# First Handling Class



## Rockporters (Jan 14, 2010)

Jasper and I took our first handling class yesterday. We were having a lot of fun until Jas got sidetracked by a tooth fiasco. Poor baby! We're not sure what happened exactly but suspect that a piece of treat got stuck under a loose tooth. We tried and tried to find the source of discomfort to no avail. It took a while but eventually the problem resolved itself and we were back in business.

The handling instructor was a wonderful teacher. She's very experienced in the show ring and is an AKC match judge. Jasper looked great and was a natural with gait, baiting, stacking. I, on the other hand, looked like... a goober :withstupid:. Now I remember why I used to forge notes to get out of gym class LOL. We have lots to practice before the next class.

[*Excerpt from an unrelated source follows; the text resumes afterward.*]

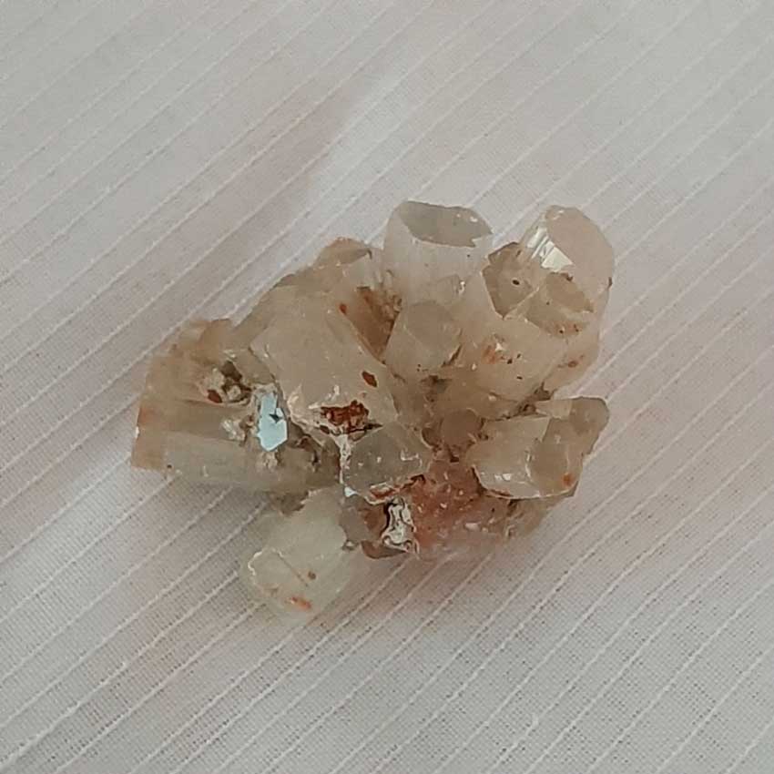 Schitterende kleine witte aragoniet met bijzondere verschillende maten kristalletjes eraan vast zitten.

Thanks to all who encouraged us to give this a try!

I'm going to start a separate post asking about show leads and other supplies.


----------



## thestars (May 2, 2009)

Good Luck and keep up the good work. Be very careful when training while teething. It could ruin the dog. George recommended against training during teething.


----------



## neVar (Dec 25, 2009)

don't worry- you'll feel more comfortable shortly- my first drop in class i was sure i was an idiot- we had 3? before our first show- and did good at thes how


----------



## Rockporters (Jan 14, 2010)

Interesting. Why it would ruin the dog?


----------